*RECORDED DATA*.
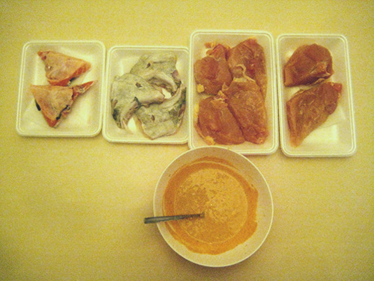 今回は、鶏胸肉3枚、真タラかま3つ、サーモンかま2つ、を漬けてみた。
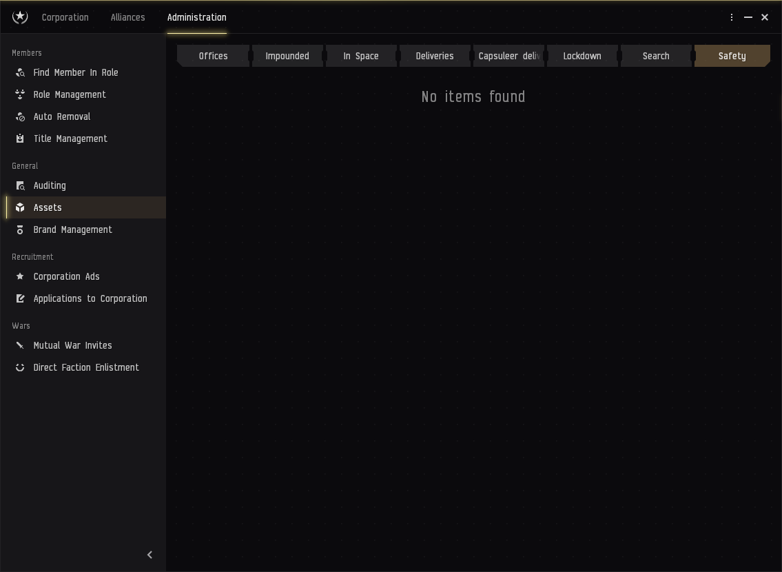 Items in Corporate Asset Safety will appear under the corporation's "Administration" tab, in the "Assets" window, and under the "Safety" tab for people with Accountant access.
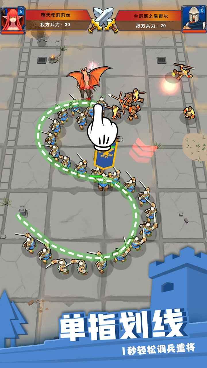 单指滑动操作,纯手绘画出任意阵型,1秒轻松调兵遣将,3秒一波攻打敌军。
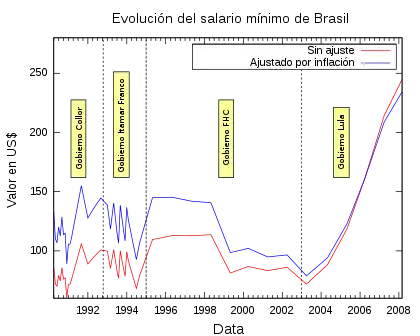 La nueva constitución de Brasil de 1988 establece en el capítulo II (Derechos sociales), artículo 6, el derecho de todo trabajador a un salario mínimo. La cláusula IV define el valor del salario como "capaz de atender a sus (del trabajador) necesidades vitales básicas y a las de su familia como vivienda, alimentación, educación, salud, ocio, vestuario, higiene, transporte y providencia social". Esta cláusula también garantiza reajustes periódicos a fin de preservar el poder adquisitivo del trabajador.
==
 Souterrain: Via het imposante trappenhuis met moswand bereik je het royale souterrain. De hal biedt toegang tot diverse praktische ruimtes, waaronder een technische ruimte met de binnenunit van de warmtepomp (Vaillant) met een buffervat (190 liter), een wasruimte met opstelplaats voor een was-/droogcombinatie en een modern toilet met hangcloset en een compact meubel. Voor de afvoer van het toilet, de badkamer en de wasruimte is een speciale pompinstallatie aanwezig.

*EXERCISE PROMPT*.
In the entries above, every line from the line with "Items in Corporate" to the line with "单指滑动操作,纯手绘画出任意阵型,1秒轻松调兵遣将,3秒一波攻打敌军。" is to be printed exactly, with both ends included and pictures excluded.

*ANSWER AREA*.
 Items in Corporate Asset Safety will appear under the corporation's "Administration" tab, in the "Assets" window, and under the "Safety" tab for people with Accountant access.
 单指滑动操作,纯手绘画出任意阵型,1秒轻松调兵遣将,3秒一波攻打敌军。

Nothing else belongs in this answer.